Session Type: Poster Session (Monday)
Session Time: 9:00AM-11:00AM
Background/Purpose: Tofacitinib (TOFA) is an oral, small molecule drug which can be used as an alternative to biologic disease modifying antirheumatic drugs (bDMARDs) for rheumatoid arthritis (RA) treatment and is prescribed alone or with methotrexate (MTX). We aimed to evaluate the discontinuation rate of this drug, with and without concurrent MTX, and with and without prior biologic use, in patients with RA in the Ontario Best Practices Research Initiative (OBRI).

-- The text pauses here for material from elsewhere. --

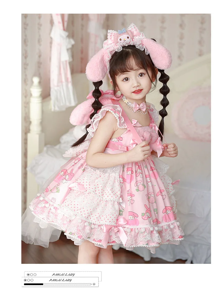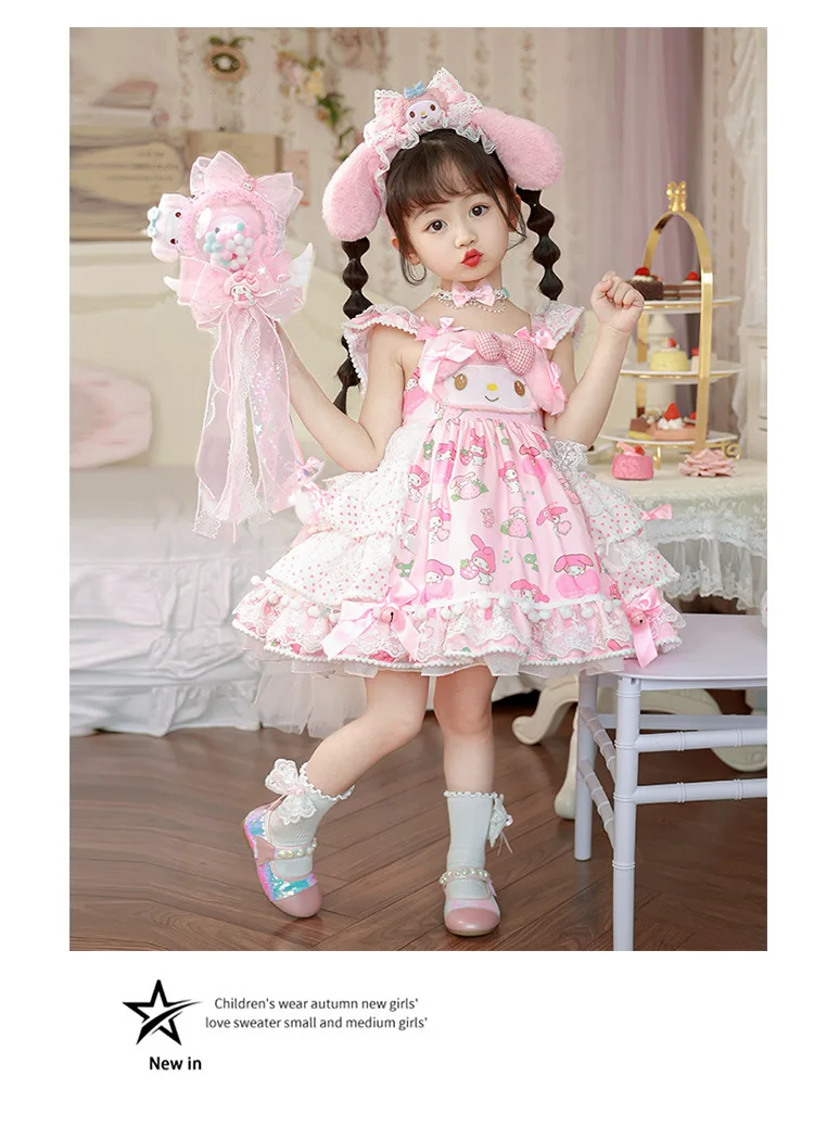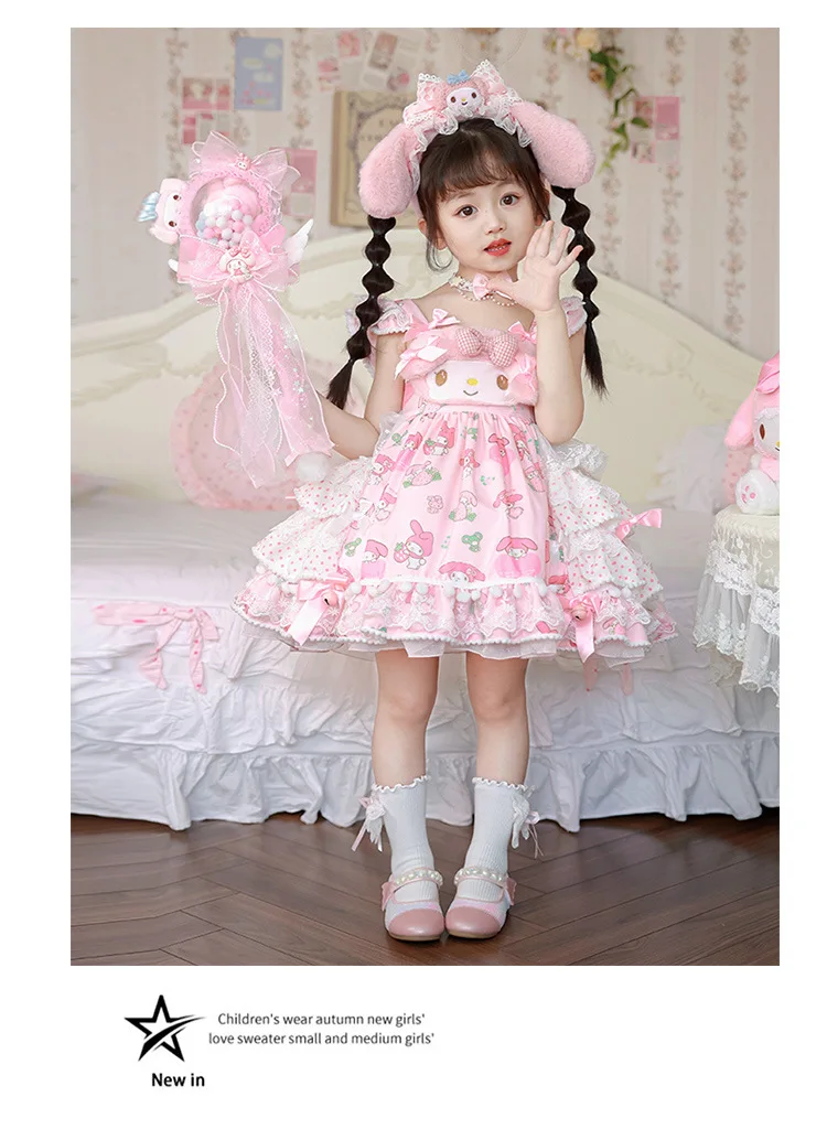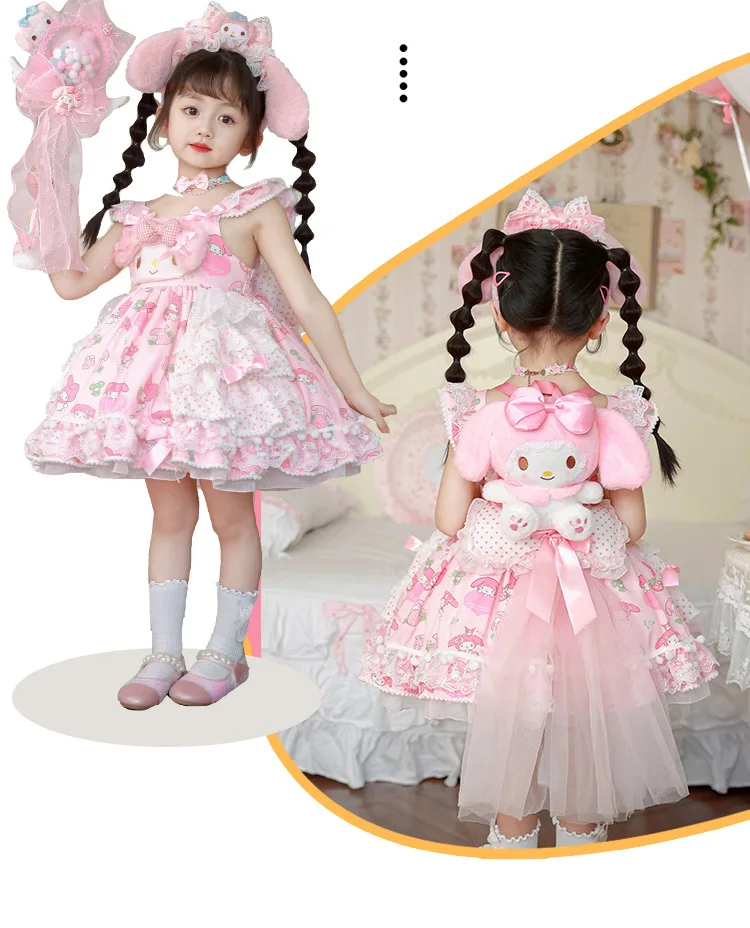 Cosplay minha melodia lolita vestido de princesa para meninas, fantasia de festa de aniversário infantil verão linda saia inchada presentes de natal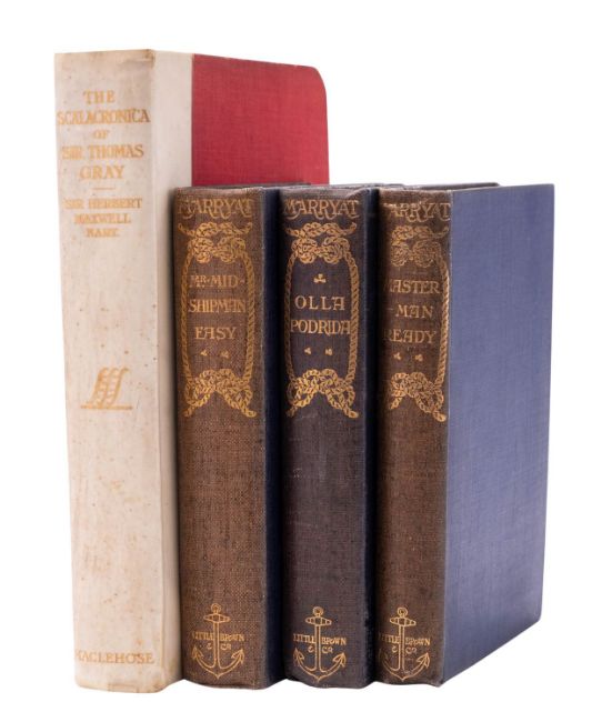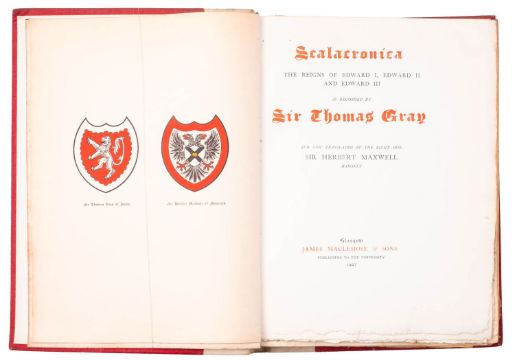 MAXWELL, Herbert (transl.). Scalacronica ... as recorded by Sir Thomas Gray, Glasgow: James Maclehose & Sons, 1907, numbered 28/95, col. frontis with arms, tile in red and black, 18 col. plates, (some browning and spotting), orig. quarter vellum over red cloth (bumped, soiling/spotting), 4to; together with... JOHNSON, R. Brimley (ed.). The Novels of Captain Marryat, 3 vols. (only), Mr Midshipman Easy, Masterman Ready, Olla Podrida, London: J M. Dent and Co', 1896, ea. numbered 535/750, blue cloth, 8vo. (4)

Methods: RA patients enrolled in the OBRI initiating their TOFA within 30 days prior to or any time after enrolment between 1st June 2014 (TOFA approval date in Canada) and 31st Dec 2017 were included. Patients were excluded if they had ≤ 2 visits and ≤ 6 months’ follow-up. Time to discontinuation due to (1) any reason, (2) lack/loss of response, and 3) adverse events (AEs) were assessed using Kaplan-Meier survival to compare patients 1) with and without MTX use; 2) with or without prior biologic use at initiation of TOFA was assessed using Kaplan-Meier survival analysis. Cox proportional hazards regression model was also used to assess TOFA discontinuation adjusting for propensity score to balance the two treatment groups.

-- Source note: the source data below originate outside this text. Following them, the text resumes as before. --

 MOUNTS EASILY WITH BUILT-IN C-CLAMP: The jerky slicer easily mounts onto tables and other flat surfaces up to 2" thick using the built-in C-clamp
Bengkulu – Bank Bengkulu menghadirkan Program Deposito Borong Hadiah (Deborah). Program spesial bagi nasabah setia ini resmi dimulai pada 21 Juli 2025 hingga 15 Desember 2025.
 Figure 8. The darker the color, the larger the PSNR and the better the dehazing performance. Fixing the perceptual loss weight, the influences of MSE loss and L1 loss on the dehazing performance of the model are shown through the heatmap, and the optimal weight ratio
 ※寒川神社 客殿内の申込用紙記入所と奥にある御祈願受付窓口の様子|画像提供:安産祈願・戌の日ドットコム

Results: Among the 131 patients, 70 (53.4%) received TOFA without MTX and 61 (46.6%) TOFA with MTX. Mean (SD) age and disease duration were 60.2 (9.8) years and 13.7 (9.3) years, respectively. The majority were females (89.3%) and most had prior biologic use history (74.0%). Discontinuation was reported in 44 (33.6%) of all TOFA patients with a median survival of 31.3 months. Overall retention of TOFA at 6, 12 and 24 months was 80.5%, 63.1% and 53.5% respectively. These findings are very similar to the results reported from the RHUMADATA registry at ACR 2018.1 Fifteen (34.0%) patients stopped their TOFA due to non-response/loss of response, 22 (50.0%) due to adverse events, and 7 (16%) due to other reasons. Discontinuation due to any reason was borderline significantly lower in the “TOFA with MTX” group compared with “TOFA without MTX” group. There was no significant difference in TOFA discontinuation between the two groups of patients with and without prior biologic use (Logrank p=0.77).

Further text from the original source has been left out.